The ERA has been introduced in every Congress, without exception, since 1923. It has been rejected every year for more than half a century. It has been earnestly, almost frantically, resisted by some of the country's most distinguished constitutional lawyers, legal philosophers, and law school deans and professors, chiefly on the ground of its absolutist character and its intention to strip away all existing laws, executive orders, judicial determinations, and administrative procedures which afford protections, exemptions, remedies, or concessions of any sort whatsoever, on the basis of sex.

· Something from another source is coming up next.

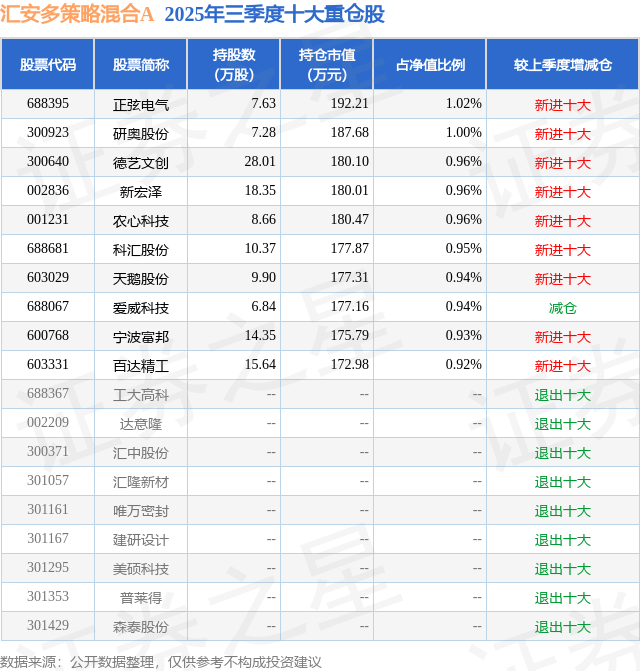 根据2025基金Q3季报公募基金重仓股数据,重仓该股的公募基金共3家,其中持有数量最多的公募基金为汇安基金的汇安多策略混合A。汇安多策略混合A目前规模为0.84亿元,最新净值1.6099(11月19日),较上一交易日下跌1.71%,近一年上涨46.85%。该公募基金现任基金经理为柳预才。柳预才在任的基金产品包括:汇安宜创量化精选混合A,管理时间为2020年12月30日至今,期间收益率为17.16%;汇安中证500增强A,管理时间为2022年12月23日至今,期间收益率为29.54%;汇安多因子混合A,管理时间为2023年5月29日至今,期间收益率为35.84%;

It is difficult to escape the conclusion that it will have this effect if one reads the 114 page article (written incidentally in the measure's defense!) by four legal scholars in one of the country's leading law reviews. Pertinent excerpts follow:
The basic principle of the Equal Rights Amendment is that sex is not a permissible factor in determining the legal rights of women, or of men. . . . To achieve the values of group equality and individual self-fulfillment, the principle of the amendment must be applied comprehensively and without exceptions.
Second, the Equal Rights Amendment embodies the moral and practical judgment that the prohibition against the use of sex as a basis for differential treatment applies to all areas of legal rights. To the extent that any exception is made, the values sought by the amendment are undercut; women as a group are thrust into a subordinate status and women as individuals are denied the basic right to be considered in terms of their own capacities and experience.
A third, equally decisive consideration leads to the same conclusion. There is no objective basis available to courts or legislatures upon which differential treatment of men and women could be evaluated.
Fourth . . . only an unequivocal ban against taking sex into account supplies a rule adequate to achieve the objectives of the amendment. From this analysis it follows that the constitutional mandate must be absolute. . . . Equality of rights means that sex is not a factor. This at least is the premise of the Equal Rights Amendment. And this premise should be clearly expressed as the intention of Congress in submitting the amendment to the states for ratification. (Barbara A. Brown, Thomas I. Emerson, Gail Falk, and Ann E. Freedman, "The Equal Rights Amendment: A Constitutional Basis for Equal Rights for Women," Yale Law Review 80 (April 1971), 872-985.
In summary, The Lutheran Church--Missouri Synod encourages all of our people to "work toward the goal of giving women equal rights before the law" (1973 Convention Resolution 9-11). As Christians, we should do all that we can and support all who are in law.
As it reads the Equal Rights Amendment affirms a noble goal. However, existing constitutional, legislative, and administrative procedures, if conscientiously applied, will accomplish the task of enlarging the area of justice for women without at the same time dismantling reasonable protections for them. To force equality could destroy protections, particularly if some of the most articulate supporters of the amendment have their way. We have major reservations about absolutist legal prescriptions, however well intentioned; which fail to recognize generic differences inherent in the created order and also affirmed by the Holy Scriptures.
Whether or not an individual Christian favors an amendment to the Constitution, it goes without saying that principles of Christian relationships remain constant.